I started to suspect something wasn’t right a few nights ago when I actually began craving my late night supplement concoction mix of coconut yogurt to make the various supplement powders and tinctures more palatable.  So instead I found alternate soft foods to use at night and allowed myself the coconut “treat” of 2 ounces only in the morning.  Can you imagine the restraint it takes to open a luscious carton of yogurt and only eat 2 ounces?  Yeah, I did it and felt a sweet victory.  And now that yogurt is my enemy with the HCL Synbiotic Probiotic.  I guess even the low sugar fruits must now go for a season as well.  This is WAR!

To submit to a drastic dietary change is very difficult and takes time to integrate into a nutritional plan for healing.  I wrote the “Extreme Dietary Survival Strategies” in the PAGES section of this blog to reflect the many guidelines I’ve already learned from others and from my own experimentation.  Looks like there are some new ones to add!  Geez o’ man.  Instead of mixing my supps with dreamy plain coconut yogurt, I’ll have to use coconut butter or unsweetened vanilla almond milk.  O.k.  I can do it.  If this change minimizes the symptoms that killed my day today, I will submit to a 100% sugar-free diet.

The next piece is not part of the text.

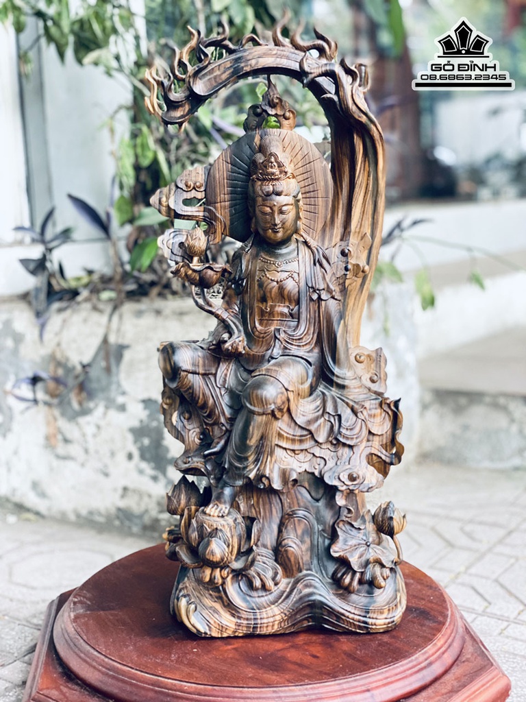 Tượng Phật Bà Quan Âm Ngồi Gỗ Mun Hoa Cao 58 Ngang 26 Sâu 18 (cm)

It is the nature of our flesh to want what we want, when we want it, and in the way or timing that we want it isn’t it?  When we want it is usually right now!  It is the nature of living in the United States where we have access to just about everything at just about any time of day or night, that makes it hard to delay gratification.  It is the nature of becoming a mature adult in a civilized society to learn that planning ahead, hard work, sacrifice, and patience will get us much more than grabbing things within reach.  However, beyond this it is the work of the Holy Spirit in the life of a believer of Jesus Christ that knows for certain that the perceived barriers in our lives are merciful paths to true freedom and peace, even joy.  Such is the glorious mystery of living with Jesus in one’s heart, where He goes before us with love and grace every step of the way.  In the end we will receive more than we ever dreamed possible as we bring glory to our Lord and Savior for waiting on Him.  “The end” may not be next week; the end may transform into our eternity with Him as the crap of this earthly life has ultimately succumbed to His plan and purpose.  Our wants and needs may even change!

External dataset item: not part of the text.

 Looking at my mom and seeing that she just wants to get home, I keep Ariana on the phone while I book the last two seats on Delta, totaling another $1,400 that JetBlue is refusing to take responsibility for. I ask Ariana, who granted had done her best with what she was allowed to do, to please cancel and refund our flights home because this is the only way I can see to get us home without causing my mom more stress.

Seems strange that in the wee hours of the morning after some chewy tilapia, my mind would finally clear.  My tears have finally been wiped away.  The realization that to submit is to live is now here:  the authorities, the situations, the delays in my life are Christ-ordained and designed for my best self, best life after all.  I do not claim to understand why I or you must go through all of this suffering, loss and pain in the way that we each experience it.  Let’s pray about it.  The answer to the “why” question is often left to the mysterious unanswered questions of life.  I do claim to know the One who reveals Himself to me in His perfect timing with gentleness and love.  I do claim to have faith in my Jesus who has promised me that He will be with me through it all.

I’ll betcha tomorrow is going to be a better day.

Let’s wait with great expectation together, k?